Hoje, ainda existe uma administração de cavalos, mas já não é tão eficiente; os cavalos criados pelos camponeses não satisfazem as necessidades militares. Afinal, os camponeses mal conseguem sustentar a si mesmos, como teriam condições de criar cavalos? Mal têm comida para si, imagine para alimentar cavalos.
Por isso, os cavalos criados pelo povo são quase todos inferiores, servem apenas para puxar carroças, pequenas viagens ou, com dificuldade, para arar a terra.
O que falta à Dinastia Song do Norte são cavalos de guerra de qualidade!
Em toda a região leste da capital, há apenas quatro estabelecimentos de vigilância de cavalos, com cerca de dois mil animais de guerra. Não há outro meio de conseguir cavalos; só resta tentar subornar os funcionários desses estabelecimentos para ver se é possível obter alguns.
Mil cavaleiros! Bastam mil cavaleiros, cinco mil infantaria e pólvora negra.
Han Zhen tinha confiança de conquistar todo o Shandong!
— Prefeito!
Os soldados na porta da cidade logo o avistaram, acenando animados.
Ao chegar ao portão, Han Zhen ordenou:
— Zhang He, troca de guardas!
— Sim, senhor!
Zhang He respondeu com um gesto, imediatamente ordenando aos líderes dos pelotões que assumissem os postos.

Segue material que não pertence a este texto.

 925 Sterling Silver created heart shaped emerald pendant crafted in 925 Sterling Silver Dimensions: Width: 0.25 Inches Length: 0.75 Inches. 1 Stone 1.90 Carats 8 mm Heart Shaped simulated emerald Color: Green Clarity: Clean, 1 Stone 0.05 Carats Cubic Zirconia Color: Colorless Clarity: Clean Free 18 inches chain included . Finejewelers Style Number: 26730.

Vendo os soldados que se retiravam do turno, Han Zhen disse:
— Vocês trabalharam duro estes dias; terão meio dia de folga. Apresentem-se em frente à prefeitura quando o relógio marcar meia hora antes do meio-dia. Quem se atrasar, será punido segundo a lei militar!
— Sim, senhor!
Ao ouvirem sobre a folga, os soldados sorriram largamente. Em grupos, dispersaram-se animados, e Han Zhen foi a cavalo até a prefeitura.
— Prefeito!
Os funcionários na porta da prefeitura o saudaram com reverência.
— Hum!
Han Zhen sorriu, desceu do cavalo. Um deles rapidamente pegou as rédeas e levou o animal ao estábulo, enquanto outro entrou para anunciar sua chegada.

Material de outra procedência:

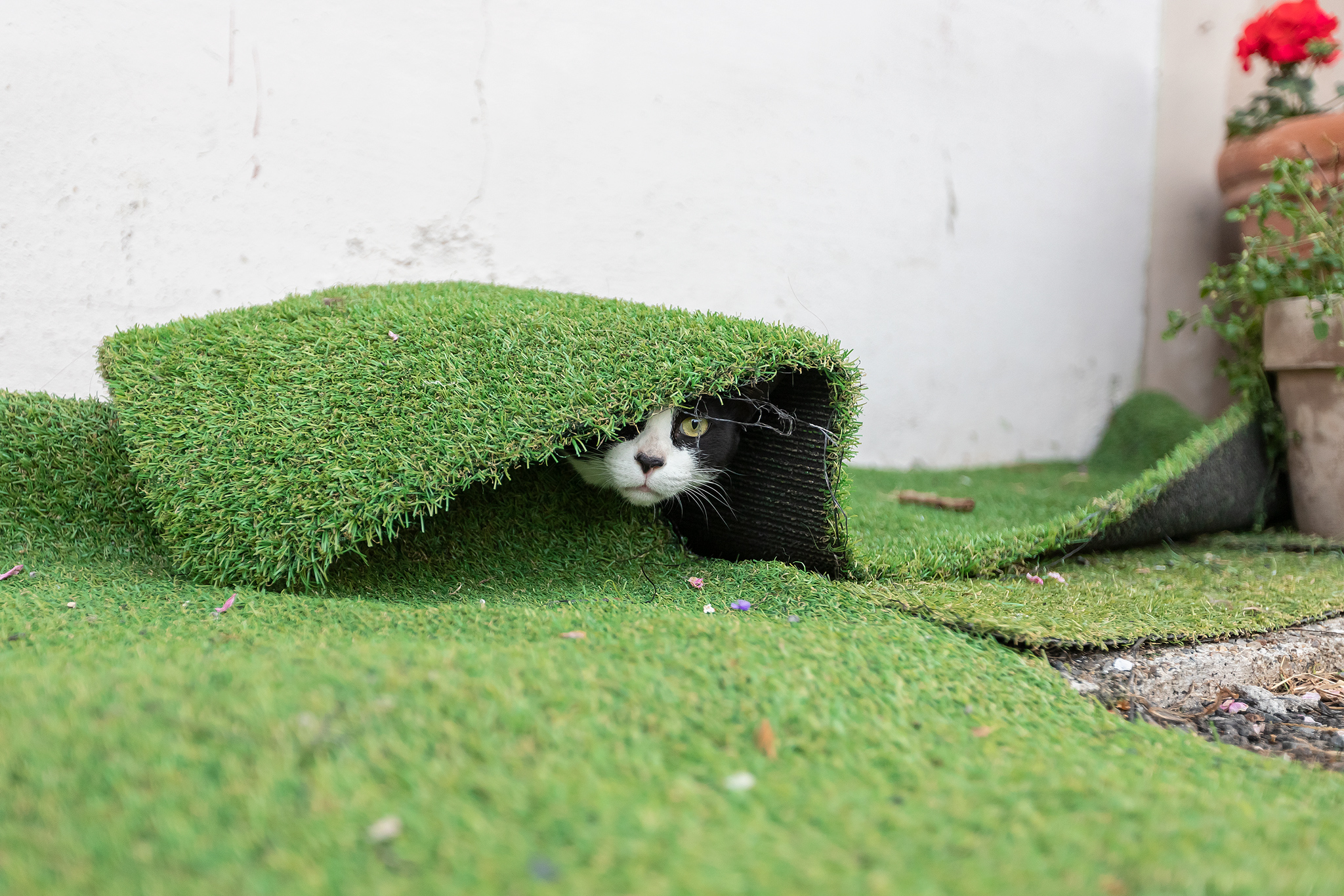 잠복중인 턱시도 고양이

Ao entrar, Han Zhen percebeu novos rostos na prefeitura. Parecia que o magistrado Chang agia rápido, já começava a reorganizar os funcionários. Quando esses novatos dominassem suas funções, os velhos malandros teriam seus dias contados.
O magistrado Chang saiu do salão principal, com semblante sério:
— Irmão Han, chegou em boa hora; eu ia mandar alguém à Vila Wang buscá-lo.

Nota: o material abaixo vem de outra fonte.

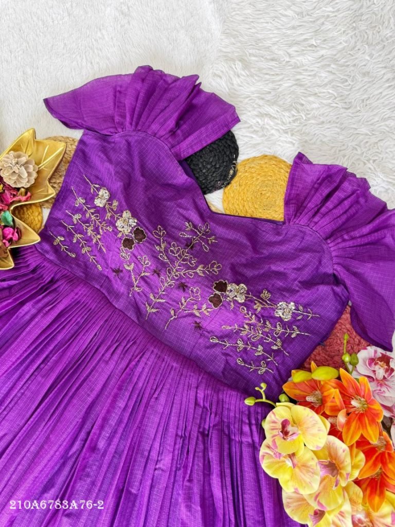 Grace meets craftsmanship in this beautifully designed gown featuring premium Kota Checks fabric with intricate maggam handwork. Designed with a flattering silhouette and rich detailing, this outfit offers a perfect blend of comfort and elegance for festive and occasion wear.

Han Zhen ficou apreensivo:
— O que aconteceu?
— Venha, vamos conversar dentro.
Deixou Gu Song no salão; Han Zhen e o magistrado seguiram até o escritório. Quando se sentaram, o mordomo Fu trouxe chá e saiu, fechando a porta atrás de si.
— Esta é uma carta enviada hoje pelo vice-prefeito Liu Mi da prefeitura provincial. Veja.
O magistrado Chang tirou uma carta da manga e entregou a Han Zhen.
Han Zhen abriu a carta e leu cuidadosamente, linha por linha.
Pouco depois, largou a carta, com expressão intrigada.